British actor (1931–2005)

Harry Baird (12 May 1931 – 13 February 2005) was a Guyanese-British actor. He was one of a handful of Black actors to achieve prominence in British cinema during the 1950s and early 1960s, though he also saw success in French and Italian films. He notably starred as Lt Mark Bradley on the science-ficiton television series UFO.

== Early life ==
Baird was born in Georgetown in 1931. He was educated in Guiana, Canada, and Britain. At age 17, he moved to London to live with his brother, taking up bodybuilding and boxing at the local YMCA.

==Career==
Aged 23,Baird made his first film appearance in 1955 as a boxer nicknamed 'Jamaica' in Carol Reed's A Kid for Two Farthings. A year later, he appeared in the play Kismet at the Stoll Theatre in London, and had a role in Jean Genet's The Blacks in 1961 at the Royal Court Theatre.

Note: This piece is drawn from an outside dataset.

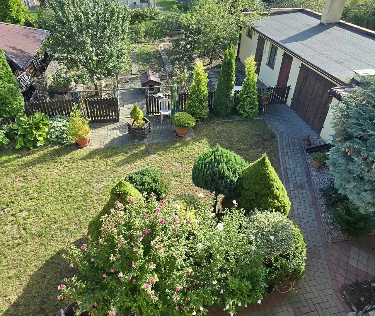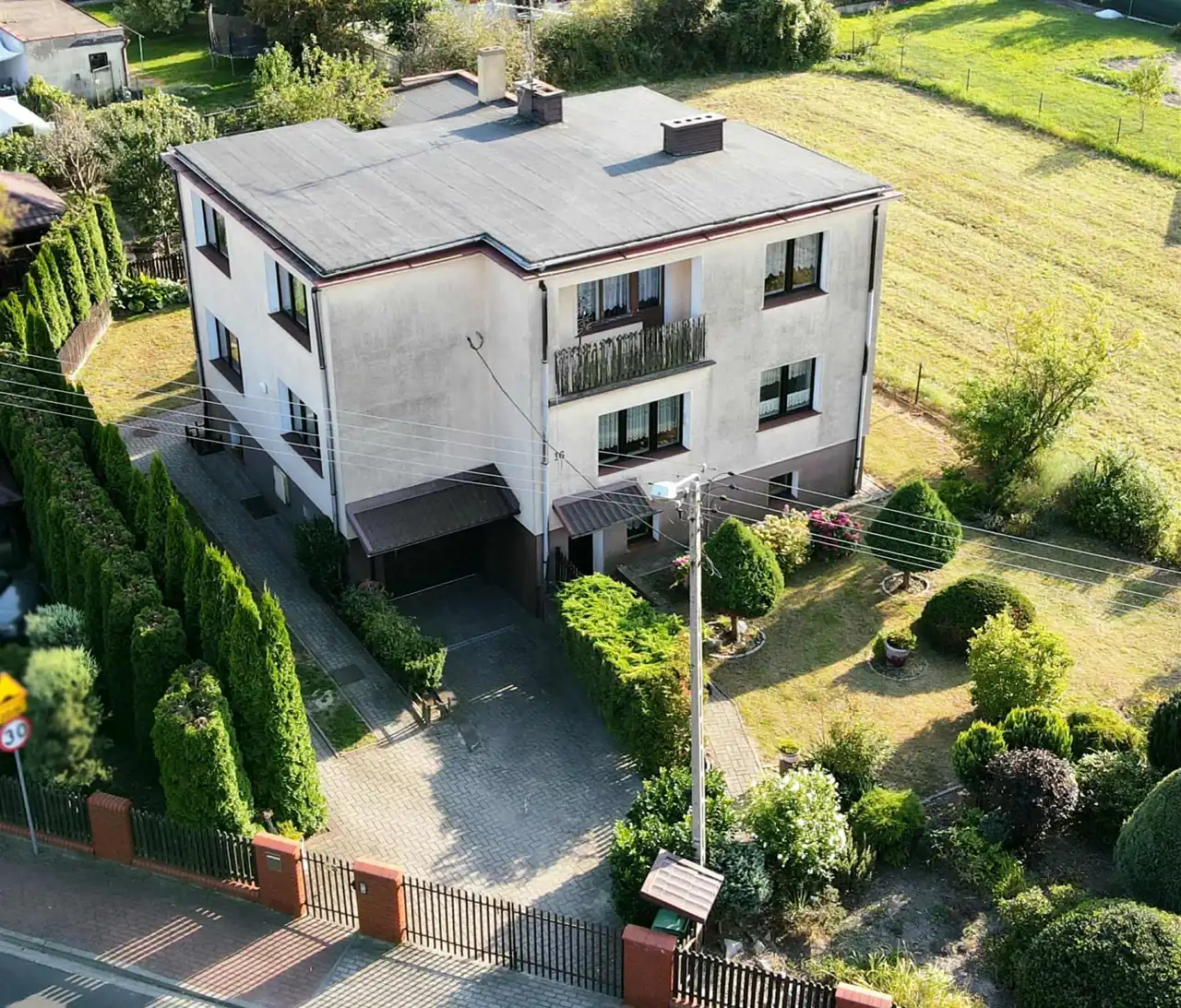 Dom posadowiony na działce o powierzchni 993 m2. Powierzchnia użytkowa domu to 210 m2. Na działce znajduje się budynek gospodarczy o powierzchni 45 m2.

Baird subsequently appeared mostly in film and television, though other stage work included A Wreath for Udomo (Lyric Hammersmith, 1961) and Ogodiveleftthegason (Royal Court, 1967). He had stints with the Liverpool Repertory and Windsor Repertory.

His first lead role was as Atimbu, in the TV series White Hunter, in 1958. A series of stereotyped roles followed, in low-budget films featuring generic African or "jungle" themes. Baird's most high-profile role, however, came in Michael Relph and Basil Dearden's racial drama film Sapphire (1959). Prominent roles for black actors in Britain remained scarce, although he appeared in supporting roles in the TV series Danger Man and UFO (1970; as Lt Mark Bradley, a role that he left halfway through the programme's run). He saw greater success in Italy and France, where played an action hero in several peplum and Spaghetti Western films.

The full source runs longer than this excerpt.